### Stored data

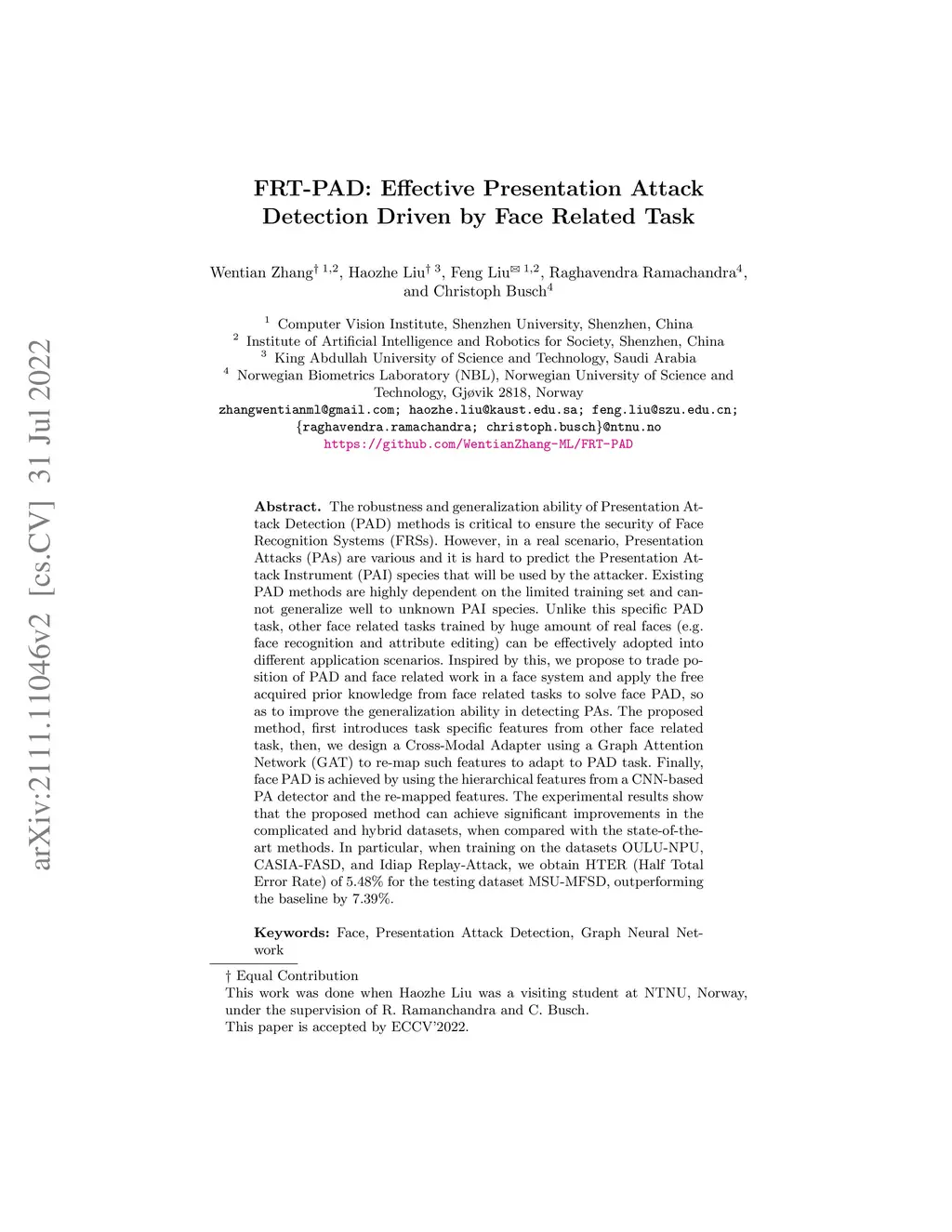 FRT-PAD: Effective Presentation Attack Detection Driven by Face Related
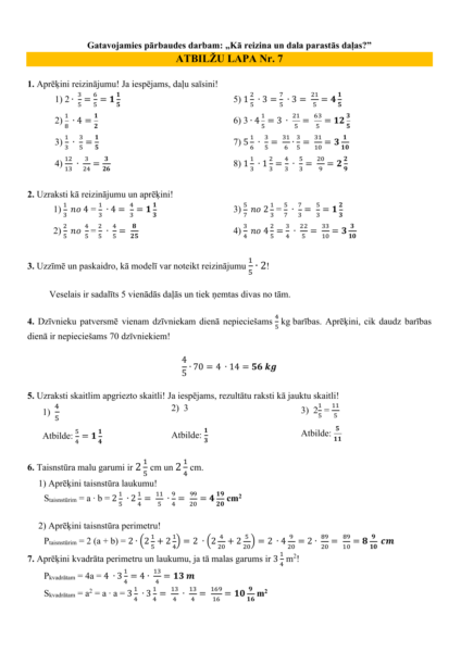 6.2.7. Gatavojamies pārbaudes darbam:Kā reizina, dala daļas
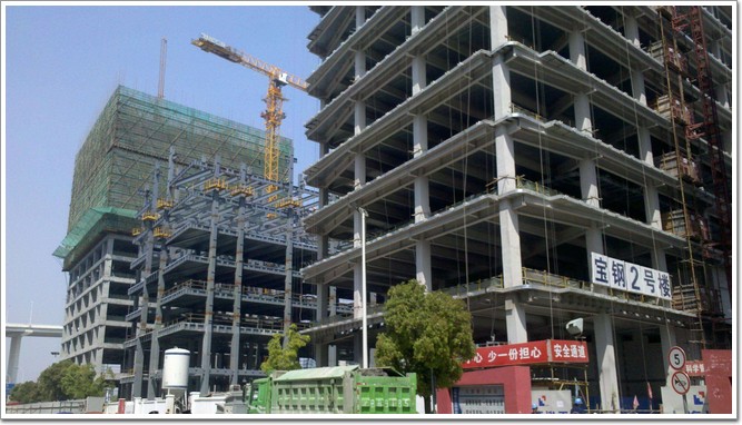 上海世博地塊寶鋼總部基地項目由一幢高層主樓、兩幢副塔樓(詞條“塔樓”由行業(yè)大百科提供)組成,總建筑面積144132平方米,其中主樓高120米,地下四層、地上24層,使用功能為辦公寫字樓,其次,兩幢副樓高度為30米,共5層,做為商業(yè)娛樂等場所。本工程具有扭轉不規(guī)則、樓板大面積缺失、局部轉換和18米高躍層柱等多項不規(guī)則,屬于超限高層建筑。項目為全鋼結構系統(tǒng),采用矩形鋼管混凝土框架-鋼筋混凝土(詞條“鋼筋混凝土”由行業(yè)大百科提供)核心筒結構體系,總用鋼量近萬噸,主要采用寶鋼生產的高等級建筑用鋼。
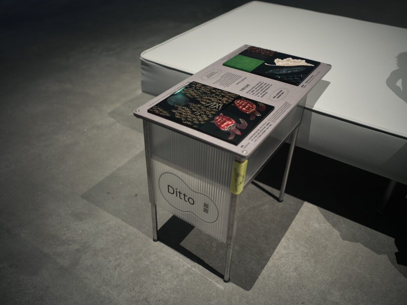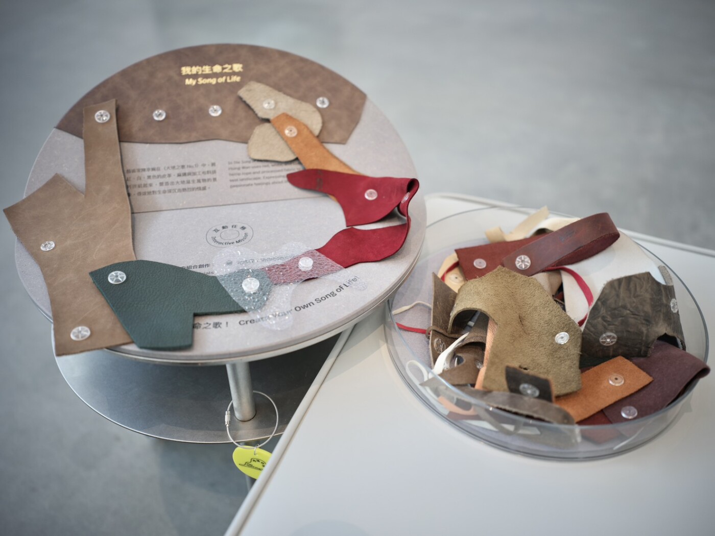 「跟跟」則透過材質板引導觀眾感受人間國寶王清霜〈佇聆孔雀〉中的漆藝技法

### Task goal
The data must be reproduced exactly, and no picture may appear in the copy.

### Solved exercise
 FRT-PAD: Effective Presentation Attack Detection Driven by Face Related
 6.2.7. Gatavojamies pārbaudes darbam:Kā reizina, dala daļas
 上海世博地塊寶鋼總部基地項目由一幢高層主樓、兩幢副塔樓(詞條“塔樓”由行業(yè)大百科提供)組成,總建筑面積144132平方米,其中主樓高120米,地下四層、地上24層,使用功能為辦公寫字樓,其次,兩幢副樓高度為30米,共5層,做為商業(yè)娛樂等場所。本工程具有扭轉不規(guī)則、樓板大面積缺失、局部轉換和18米高躍層柱等多項不規(guī)則,屬于超限高層建筑。項目為全鋼結構系統(tǒng),采用矩形鋼管混凝土框架-鋼筋混凝土(詞條“鋼筋混凝土”由行業(yè)大百科提供)核心筒結構體系,總用鋼量近萬噸,主要采用寶鋼生產的高等級建筑用鋼。
 「跟跟」則透過材質板引導觀眾感受人間國寶王清霜〈佇聆孔雀〉中的漆藝技法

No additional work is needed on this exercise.